_TASK BRIEF_
Below are records; the lines starting at the one with "3. 如图所示,小丽同学饭后" and ending at the one with "Easter Toile ribbon" must be reproduced exactly, both included. Pictures must not appear.

Recorded data:
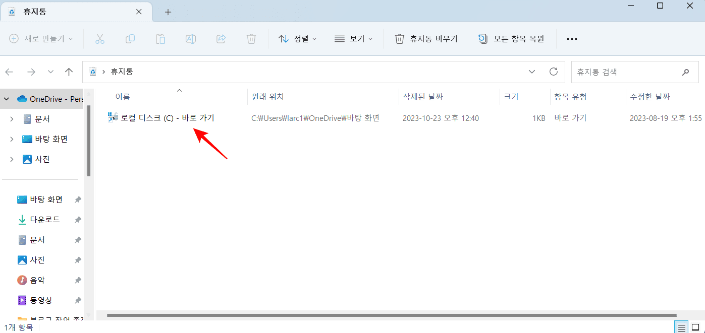 바탕화면 아이콘이 사라졌어요 3 - 휴지통 복구
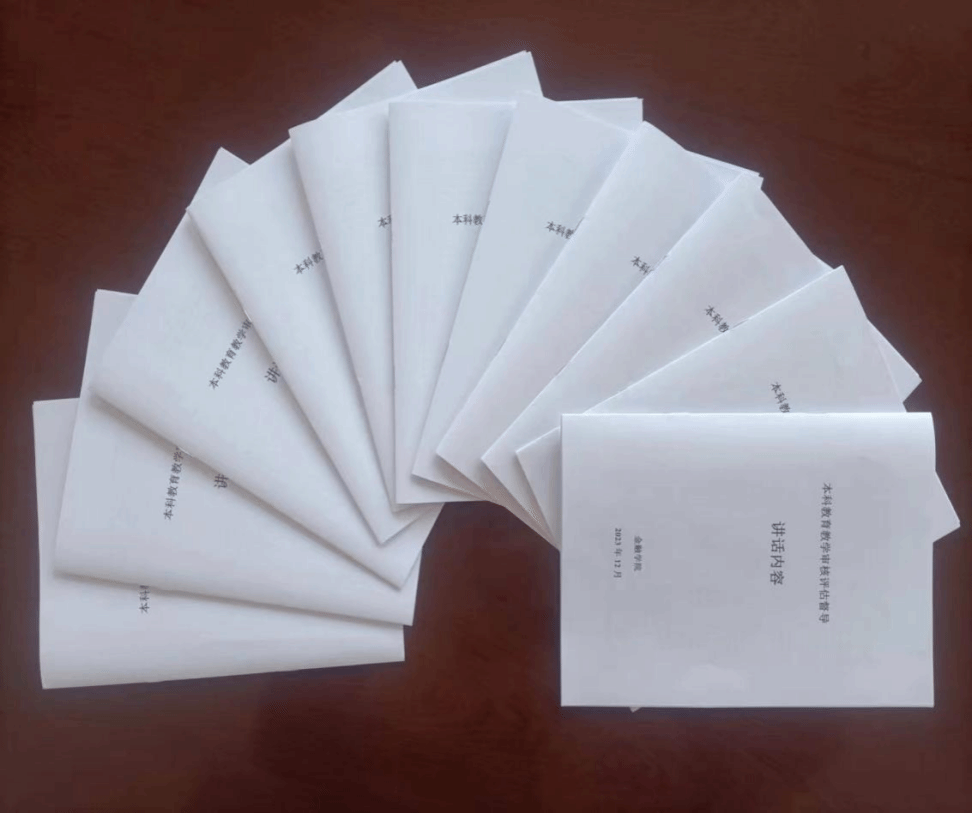 会议之前,学院每位老师都收到一份文字版的《本科教育教学审核评估督导讲话内容》小册子,为了让本次活动收到更好的效果,学院提前对上周督导组的讲话内容进行了现场录制,同时将每位督导组成员的讲话内容整理成文字形式,并进一步整理出文字版的《本科教育教学审核评估督导讲话内容》小册子。
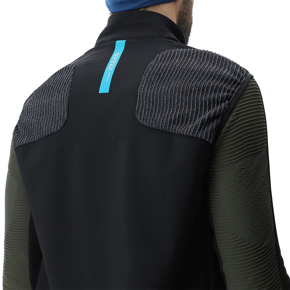 O colete UYN SPIRE apresenta maior respirabilidade graças às inserções HALOFLEX nos ombros que permitem que a umidade escape rapidamente durante o esforço intenso.
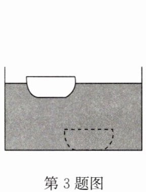 3. 如图所示,小丽同学饭后在家洗碗时,将沉在洗碗池底的碗洗干净后放在水面,发现碗在水中漂浮,若洗碗池里的水不发生变化,则碗漂浮时比碗沉入水底时所受到的浮力
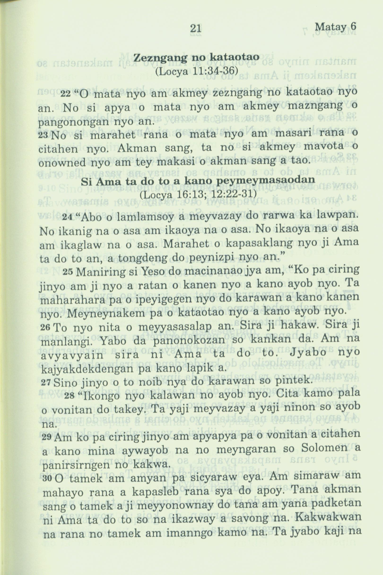 1994年新约全书 马太福音 6 章 22 节到 6 章 30 节
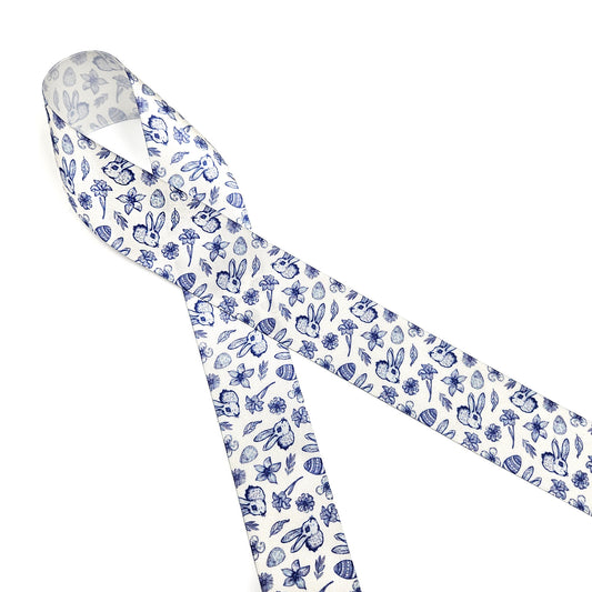 Easter Toile ribbon with bunnies, flowers, eggs and leaves in three colors raspberry, green and blue printed on 1.5" satin
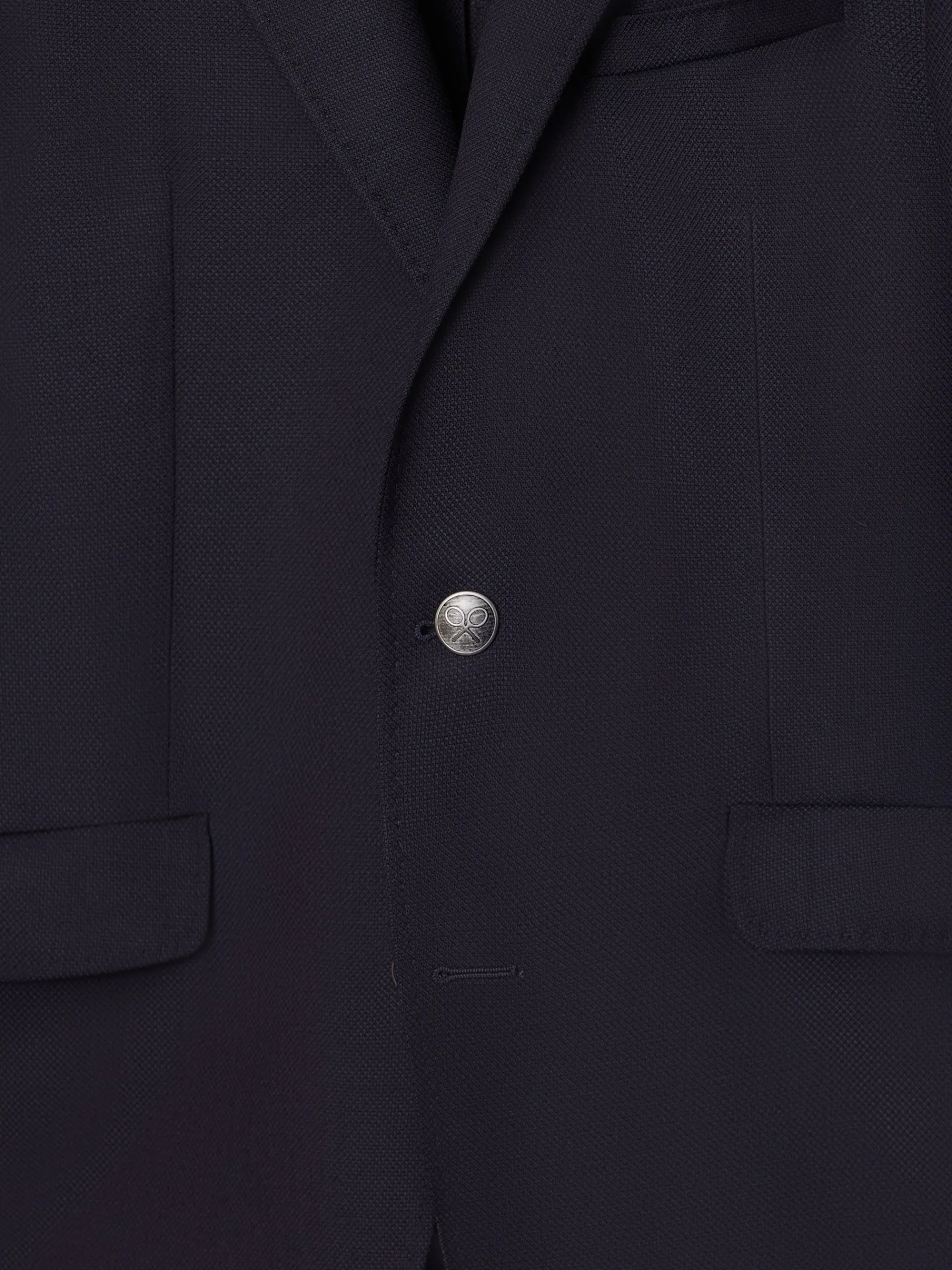 Americana clásica confeccionada en 100% lana de corte Tailored fit. Presenta cierre recto con botones metálicos personalizados, bolsillos delanteros de solapa, bolsillo insertado en torso y mangas acabadas con ojales y botones realizables. Cuenta con cuello con solapas de muesca, hombreras y no contiene forro. Fabricado en Portugal.
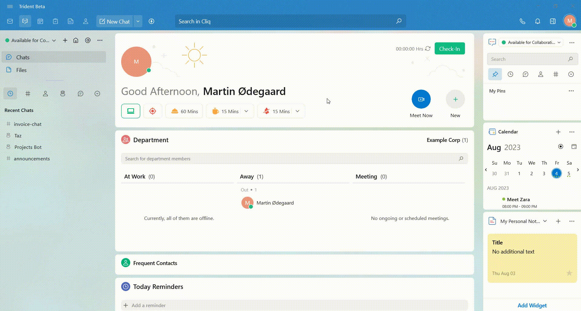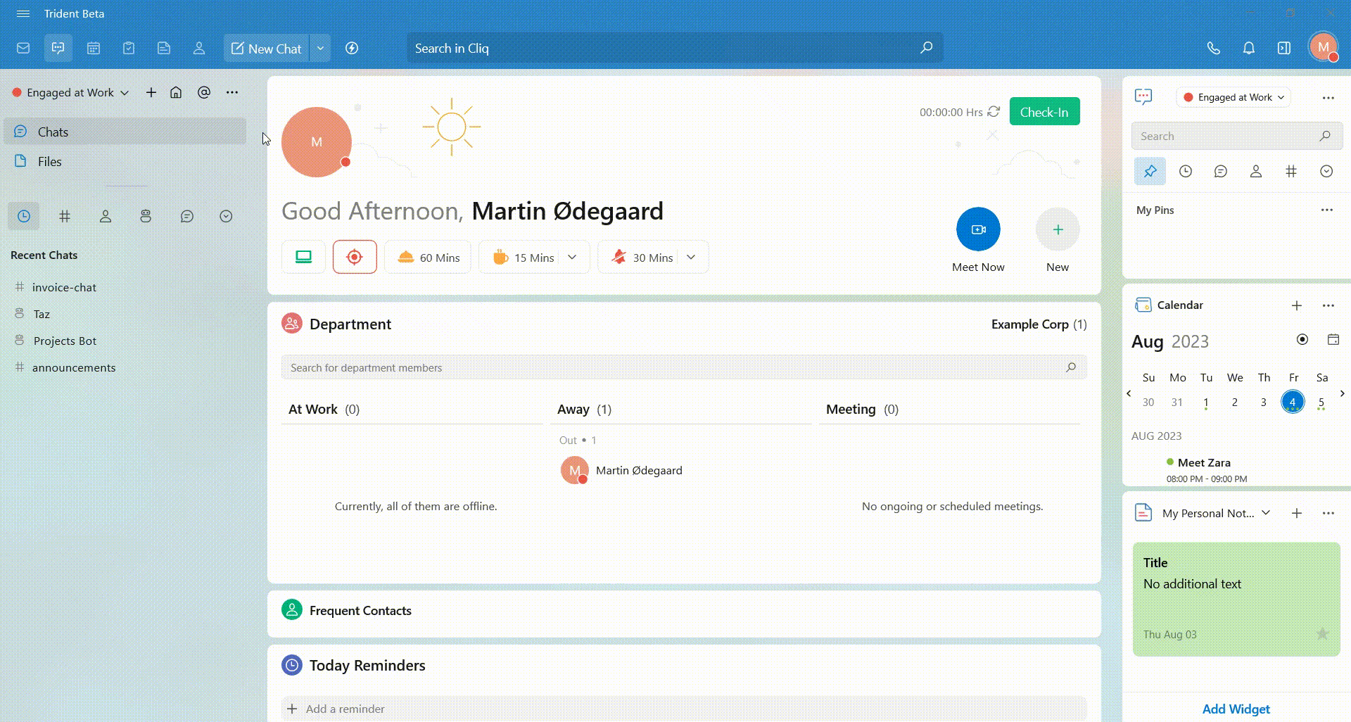 Being your comprehensive workplace companion, Trident provides effortless access to email, instant messaging, conference calls, calendar management, note-taking, and task organization, all within a unified platform.
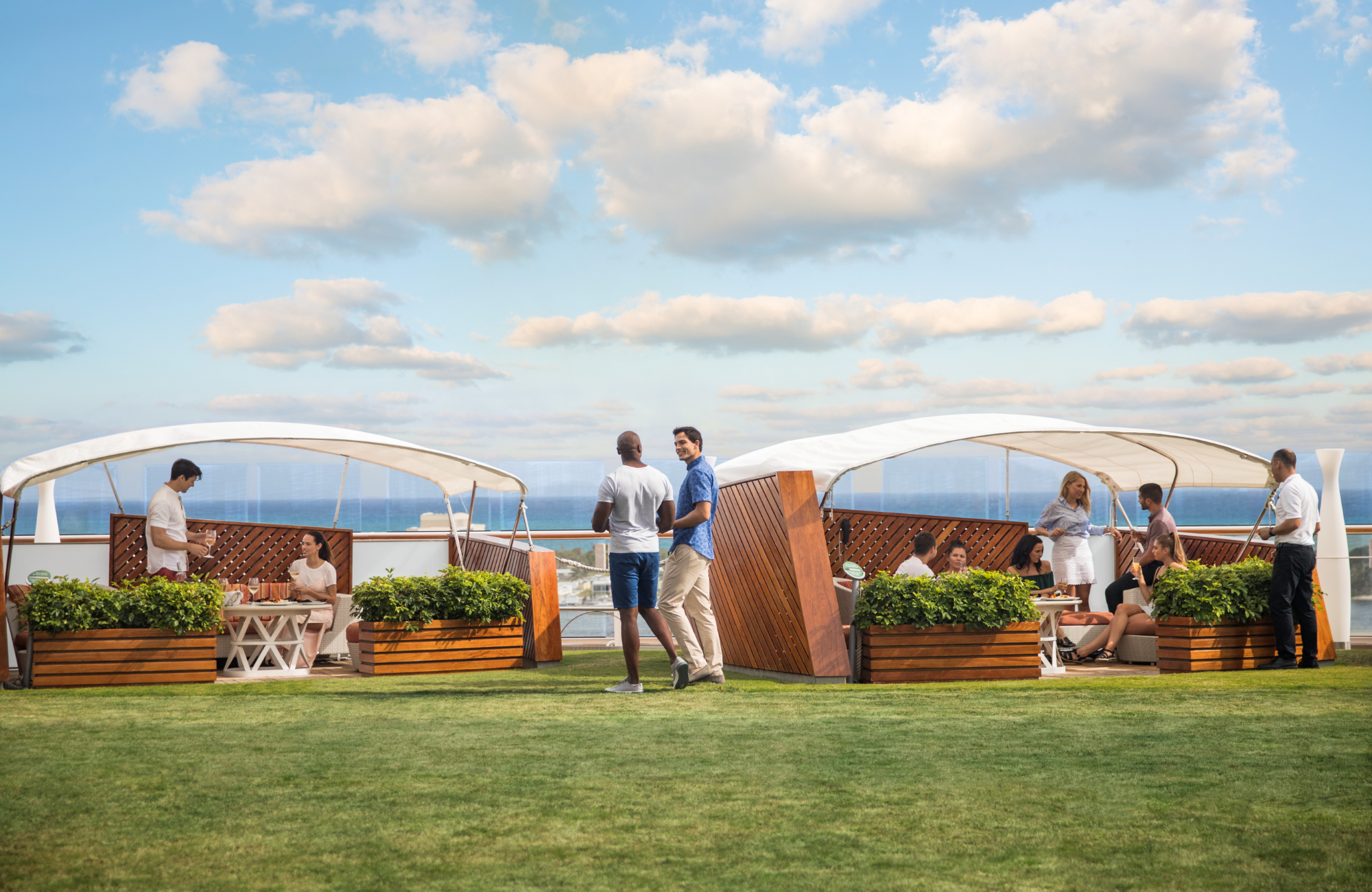 - Solstice Deck: When you arrive at the highest point on the ship, you won't be disappointed. Whether you're looking for the ideal spot to do some early morning yoga, stretch out on a canopied lounge bed, or for the best view of the beautiful starry sky to cap off another magical evening aboard, The Solstice Deck is where your search ends and the relaxation begins.

_RESULT FOR THIS TASK_
 3. 如图所示,小丽同学饭后在家洗碗时,将沉在洗碗池底的碗洗干净后放在水面,发现碗在水中漂浮,若洗碗池里的水不发生变化,则碗漂浮时比碗沉入水底时所受到的浮力
 1994年新约全书 马太福音 6 章 22 节到 6 章 30 节
 Easter Toile ribbon with bunnies, flowers, eggs and leaves in three colors raspberry, green and blue printed on 1.5" satin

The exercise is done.